Effect of DHCB on MK-801 induced responses. a Dose responses of DHCB (5, 10, 40 mg/kg) in the forced swim assay (n = 7–8). One way ANOVA revealed a significant drug effect (F3,25 = 8.494, P = 0.0005). Dunnett’s post hoc tests:drug vs saline, ***P < 0.001. b Effect of DHCB (10 mg/kg) in sub-chronic MK-801 (0.2 mg/kg) induced increased immobility in the forced swim assay (n = 10). One way ANOVA revealed a significant drug effect (F2,27 = 6.560, P = 0.0048). Bonferroni post hoc test: drug vs saline, ** P < 0.01, N.S. not significant; MK-801 + DHCB vs MK-801, ##P < 0.01
Effect of DHCB on Sensorimotor Gating Deficits Induced by Apomorphine
We then explored the effect of DHCB on PPI deficit induced by apomorphine. DHCB alone (10 mg/kg) was found to have no significant effect on startle reactivity (P > 0.05, Fig. 4a) nor on PPI ratio (P > 0.05, Fig. 4b). As shown in Fig. 4c, acute administration of apomorphine (5 mg/kg) significantly decreased the PPI ratio (P < 0.05, Fig. 4c). DHCB (10 mg/kg) is able to reverse the PPI deficit induced by apomorphine (P < 0.05, Fig. 4c).

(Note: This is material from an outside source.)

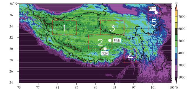 1 分析区域和数据 1.1 分析区域分析区域为高原主体区域 (24°~38°N,73°~105°E),在闪电和降水月变化关系对比研究中,选取高原上的5个不同区域 (图 1),区域1为西部 (32.5°~35°N,80°~85°E),区域2为中部 (30°~32.5°N,87.5°~92.5°E),区域3为中北部 (32.5°~35°N,90°~95°E),区域4为东南部 (27.5°~30°N,95°~97.5°E),区域5为东北部 (32.5°~37.5°N,100°~102.5°E)。这5个区域的选择分别考虑了高原的不同方位、闪电活动强度差异性、TRMM/LIS气候数据的格点 (至少对应1个数据格点)。图 1还给出了青藏高原的海拔高度分布。地形数据来自美国地理数据中心 (NGDC) 提供的分辨率为1 km×1 km的海拔高度数据集。

Effect of DHCB on apomorphine-induced sensorimotor gating deficit. a Dose responses of DHCB (5, 10, 40 mg/kg) in the startle reactivity assessed in the prepulse inhibition (PPI) assay (n = 16). One way ANOVA revealed a significant drug effect (F3,60 = 2.962, P = 0.0392). Dunnett’s post hoc tests: drug vs saline, *P < 0.05. b Dose responses of DHCB (5, 10, 40 mg/kg) in the prepulse inhibition ratio assessed in the PPI assay (n = 15–17). Two way ANOVA revealed no significant drug effect (F3,177 = 1.351, P = 0.2595). c Effect of DHCB (10 mg/kg) in acute apomorphine (APO, 5 mg/kg) induced prepulse inhibition deficit in the PPI assay (n = 15–17). Two way ANOVA revealed a significant drug effect (F2,135 = 22.44, P < 0.001). Bonferroni post hoc test: drug vs saline, *P < 0.05, ***P < 0.001, N.S. not significant; APO + DHCB vs APO: #P < 0.05, ##P < 0.01
Effect of DHCB on MK-801 Induced Cognitive Deficits
We also investigated the effect of DHCB on object recognition deficit induced by MK-801. DHCB (10 mg/kg) did not affect object exploration during the training session nor object recognition during the retention session, when compared to saline group (P > 0.05, Fig. 5a–c). MK-801administration (0.2 mg/kg) before the training session did not affect object exploration (P > 0.05, Fig. 5d). However, MK-801 treated mice did not discriminate between novel and old objects during the retention session (P > 0.05, Fig. 5e; P < 0.001, Fig. 5f). An acute administration of DHCB (10 mg/kg) before the training session reverses the novel object recognition deficit induced by MK-801 (P < 0.05, Fig. 5e, f). Taken together, our data suggest that DHCB attenuates apomorphine and MK-801responses reflecting schizophrenia-like cognitive symptoms.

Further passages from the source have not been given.